Uzak yola gidecek olan bir kervancı bir gün, Semerkant şehrinin ünlü semer ustalarından birinin dükkanına gider.Usta namaz kılmak üzere camiye gittiğinden, dükknda genç bir çırak bulunmaktadır.
Kervancı, uzak yola gideceğini, develerinden birinin semersiz olduğunu, kaça olursa olsun hemen iyi bir semer istediğini anlatır.
Semerci çırağı, hazırda yapılmış iyi bir semer bulunmadığını, sipariş üzerine kervancıya semer yapabileceklerini söyler.
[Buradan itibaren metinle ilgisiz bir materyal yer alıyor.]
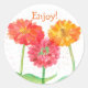 A colourful sticker with "Enjoy" decorated with three zinnia flowers in shades of red, pink, and orange with watercolor and touches of spatter in the background for added colour. In the Language of Flowers zinnias mean thoughts of absent friends. Cheerful finish to your packaging!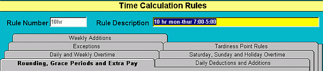 Time Calculation Rules establish the rules for an employee's paid work time. Grace periods for late or early arrival, rounding periods, working past a shift, and over-time rules, are all established here. When you enter work shifts, you will attach these rules to the shift. We recommend that you consult with your Advanced Tracker trainer to decide on, or to change time calculation rules. It is important to understand how changes may impact on future time calculations.
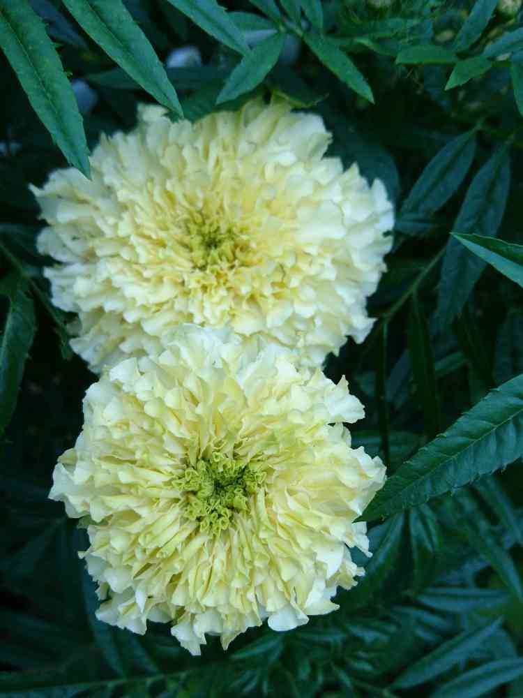 濃いオレンジ色や黄色の物が多くて、10年くらい前に名前の一部にムーンという名前がついていたマリーゴールドを育てたのですが、花色の濃いものよりは弱いのか育ちませんでした。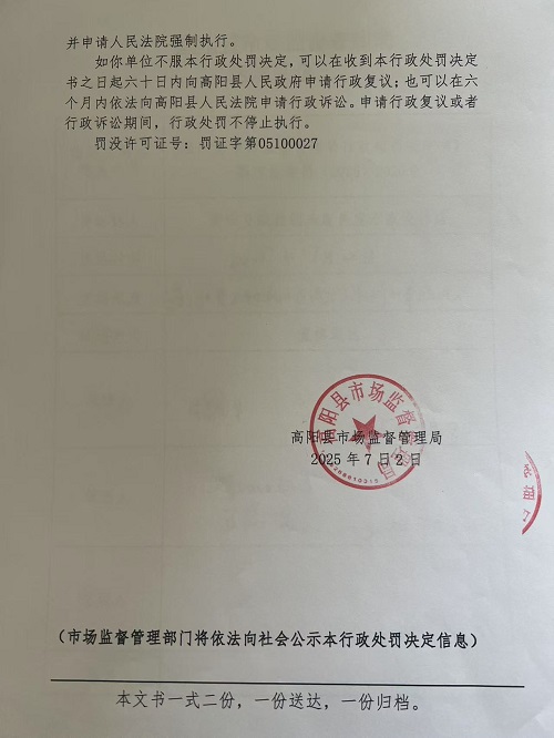 当前位置:首页 > 行政执法公示 > 高阳县市场监督管理局

Gelgelelim kervancının işi aceledir. Adam bu sıra da dükkânın tavanında asılı eski bir semeri görür ve eski de olsa, semeri yenisinin fiyatına alacağını, çünkü devenin boş gitmesini istemediğini söyler.
Çırak, kârlı bir iş yaptığını düşünerek eski semeri kervancıya verir.
Gelgelelim, göğsünü kabartarak anlattığı bu alış veriş, yaşlı ustayı hiç sevindirmez. Meğer adamcağız kırk yıldır kazandığı paralardan artırdıklarını, bu eski semerin içinde saklarmış.
Zavallı çırak çok üzülür, semeri aramak için yollara düşer. Ustanın, “Oğul gel gitme beyhude, Semerkant’a, Buhara’ya. Bulur elbet seni bir gün, nasip araya araya” demesine aldırmaz, semerin arkasından bir kaç ay dolaşır, sonunda bulamadan geri döner.
Ustası, çırağın geldiğine sevinir, onu teselli eder ve şunları söyler:
“NASİP İSE GELİR HİNT’TEN YEMEN’DEN. NASİP DEĞİL İSE, NE GELİR ELDEN?“
Altı ay kadar sonra, bir gün kervancı dükkâna gelir. Çırak, adamı hemen tanır. Ustasına da söyler. Kervancı der ki:
“Oğlum bu semeri senden alıp gittim ama, aklıma takıldı. Ustasının haberi olmadan çocuk bunu sattı. Ya ustası gelince kızar, darılırsa diye üzüldüm. Alın semeri aynen geri veriyorum, bana yeni bir semer yapın.”
Bu deyim, herkes nasibinde olanı yer. Kimsenin nasibi kimseye gitmez mânâsında kullanılır.